They had a lifestyle of which I can only dream. But they were fellow human beings. They had families and my heart goes out to them.

But why the endless coverage of why this or that vessel failed, or what procedures were or were not followed, when it matters not a carrot to most of us? I'm never going thousands of feet underwater to look at shipwrecks. I've no plans to cruise across the Med in a luxury yacht. I'm sorry these people perished at sea, I really am, but can we get a sense of perspective? These safety issues matter only to a tiny few. Where, for example, is the commentary on the cladding issues that still haven't been resolved nearly a decade after Grenfell? It really is a skewed world.
 
I think the Titanic sub coverage was understandable: people lost on a trip to see a famous sunken ship that people are still fascinated by. Are they dead? Possibly, but we don’t know yet, so there’s mystery.

I get that.

But the unknown billionaire and family? No, I don’t understand the wall to wall coverage.
 
Plus the Oceangate events had a wonderful frisson of irredeemable hubris about them. There's a good story in there about some arrogant richie thinking he knew better than the dozens of experts with over a century of collective knowledge and experience, and getting his personal comeuppance.

Unfortunately it seems some of the news agencies have taken home the wrong lesson. Some bog-standard rich prick perishing on their perfectly ordinary (for a rich prick) yacht lacks that special element. What's next, tear-laden coverage the next time one of these monied goons dies while crashing their ridiculous sports car into some street furniture?
 
I think that there is an element of people being drawn to spectacle.

Before there were airliners, there were airships, and there were a number of airship disasters. More people will know of the Hindenburg disaster than the crash of the R101, although the latter killed more people. In the case of the Hindenburg, there is film of the spectacular fire that engulfed it.

I know that there was no film of the Titan, but I think that people were gripped by the drama, when it was wrongly believed that there was a chance that the people had survived.

There was a lot of coverage of the case of the miners trapped in Chile, some years ago. I think that this was seen by media organisations as dramatic, because someone from, I think, the USA, came up with a way of rescuing them. Most cases of trapped miners do not get a similar level of coverage.

The Grenfell Fire disaster did receive a lot of coverage at the time.
 
I think that there is an element of people being drawn to spectacle.

Before there were airliners, there were airships, and there were a number of airship disasters. More people will know of the Hindenburg disaster than the crash of the R101, although the latter killed more people. In the case of the Hindenburg, there is film of the spectacular fire that engulfed it.

I know that there was no film of the Titan, but I think that people were gripped by the drama, when it was wrongly believed that there was a chance that the people had survived.
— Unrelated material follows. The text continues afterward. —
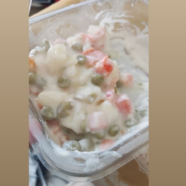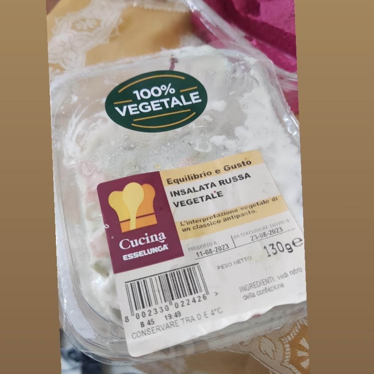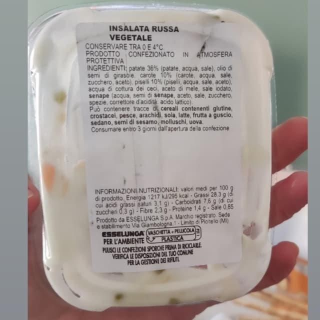 Dalla serie gli alimenti buoni già pronti dell'Esselunga che costano una cifra e che non fanno benissimo se mangiati quotidianamente 😅... Non poteva mancare l'insalata russa, credo che la maionese sia fatta con l'acqua di cottura dei ceci aceto di mele e senape, all'interno ci sono i piselli carote 10% e patate 36%.

There was a lot of coverage of the case of the miners trapped in Chile, some years ago. I think that this was seen by media organisations as dramatic, because someone from, I think, the USA, came up with a way of rescuing them. Most cases of trapped miners do not get a similar level of coverage.
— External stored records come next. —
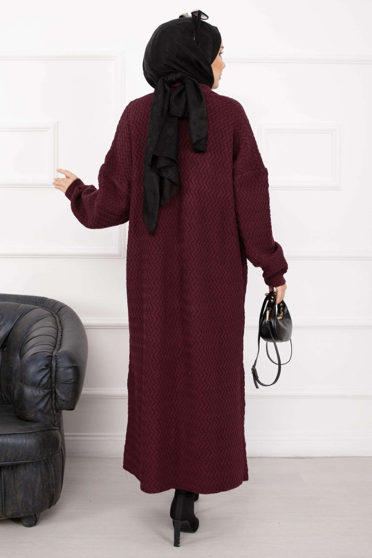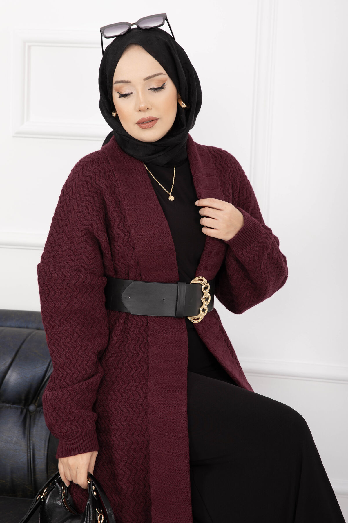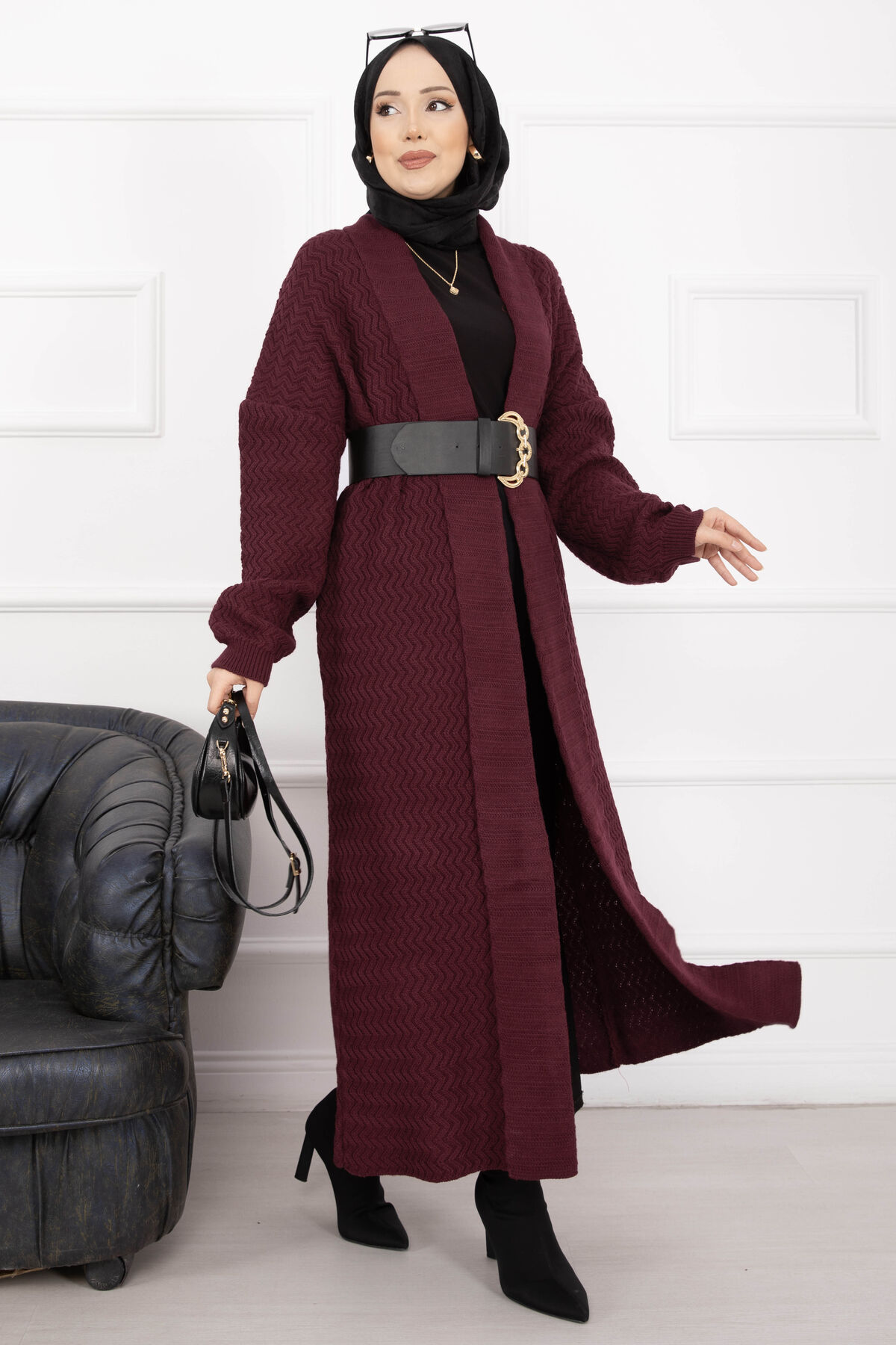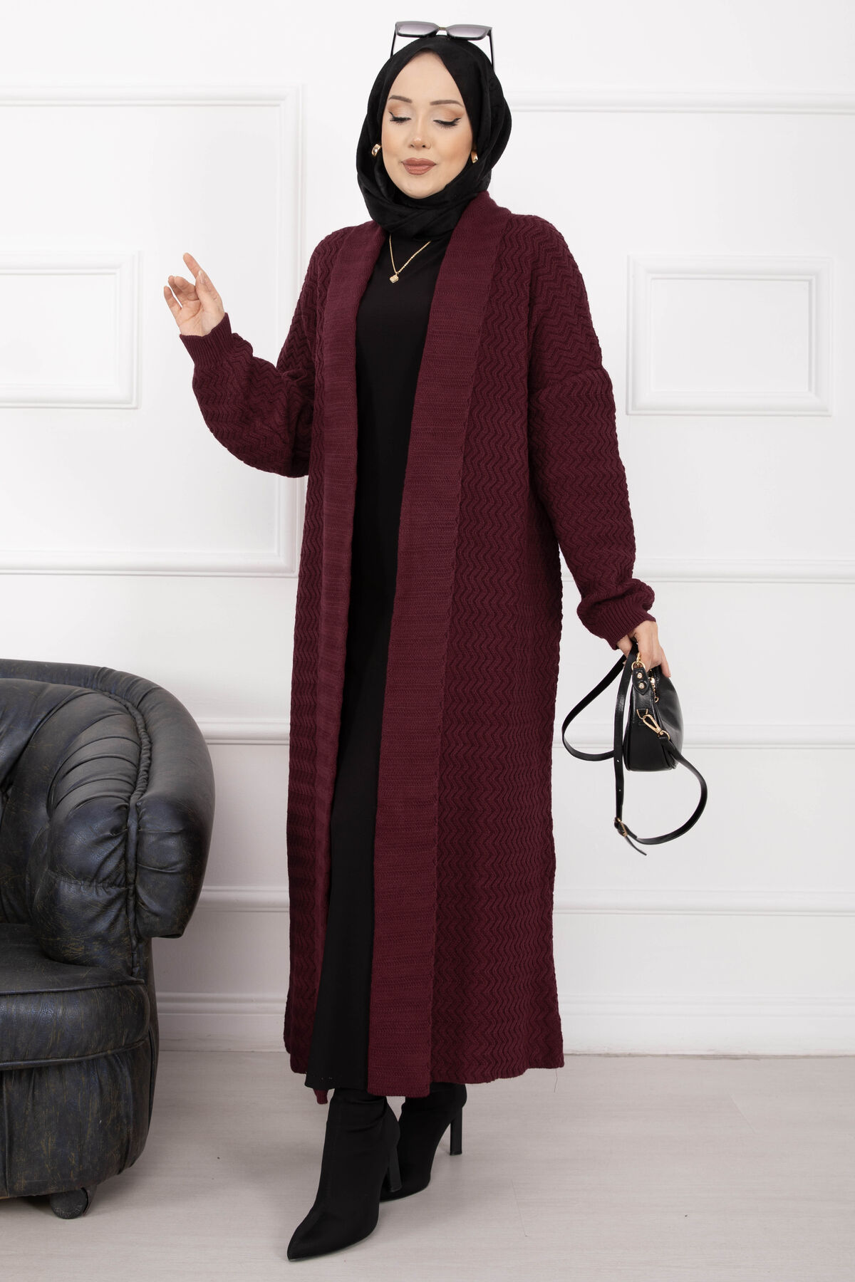 Mina Şal Yaka Uzun Triko Hırka Bordo
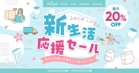 アメリカ発の小型家電メーカーVeSync(ウィーシンク)の日本支社、Vesync Japan株式会社(本社:東京都千代田区、以下VeSync)は、2025年2月20日(木)から2025年3月12日(水)まで、新生活に役立つ人気製品を最大20%OFFでご提供する「新生活応援セール」をVeSync公式ストアおよび各正規販売店/量販店で開催いたします。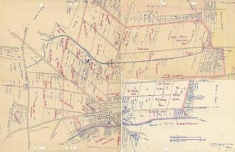 So weit der Zeitungsbericht. Aber welche Scheune war gemeint? An der Straße nach Drosa stand 1928 noch eine Scheune, die 1945 von den amerikanischen Truppen, von Drosa kommend, in Brand geschossen wurde. Diese Scheune stand am Abzweig Scharwegk, in der Angerbreite. Die Blechscheune steht in der Drecksbreite. Gegenüber befindet sich die Stangenbreite. Kantor Kranz hat eine Skizze erstellt mit den alten Flurnamen, die für interessierte Leser beigefügt wird.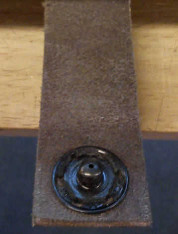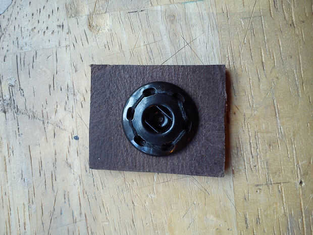 Usar hilo y aguja para coser el cierre de broche de presión a las piezas de cuero.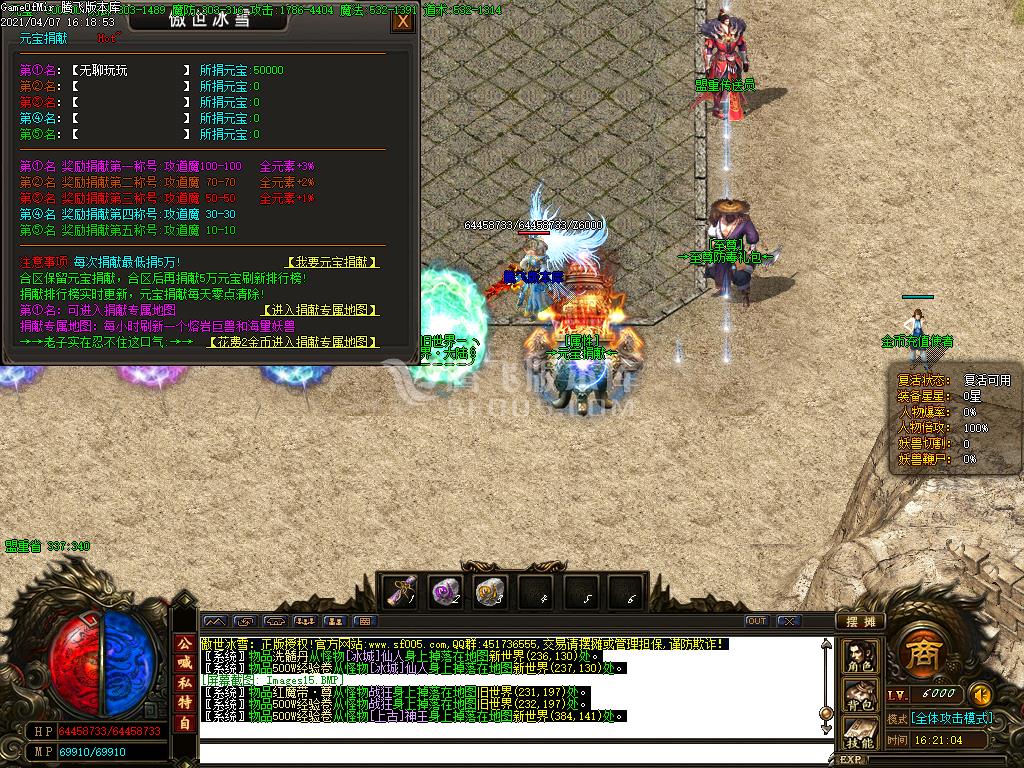 4月天魔冰雪22米攻速单职业-带假人光柱-沙城捐献-自动回收-RMB-挂机助手

The Grenfell Fire disaster did receive a lot of coverage at the time.

That's all good, but I just don't see what spectacle there is about this recent yacht business. I doubt it will have the same legs as Oceangate or Grenfell have, each for different reasons. I think some of the news agencies covering it have got a mistaken notion into their heads about that the general public finds engaging.
 
That's all good, but I just don't see what spectacle there is about this recent yacht business. I doubt it will have the same legs as Oceangate or Grenfell have, each for different reasons. I think some of the news agencies covering it have got a mistaken notion into their heads about that the general public finds engaging.
For those who like these things, there is fuel for conspiracy theories.
 
We've been wondering this all week. Yes, a truly horrible tragedy for all those affected but not sure it warranted top billing on the news for days on end.
Similarly mystified and now, even more so, that the rich people's lawyers are pressing for manslaughter.
 
Because a lot of the people going on about what a tragedy it is are actually thinking," fuck yes"?
 
The deaths of rich people "matter" more than the deaths of poor people in the same way that the lives of rich people "matter" more than the lives of poor people, because they're rich.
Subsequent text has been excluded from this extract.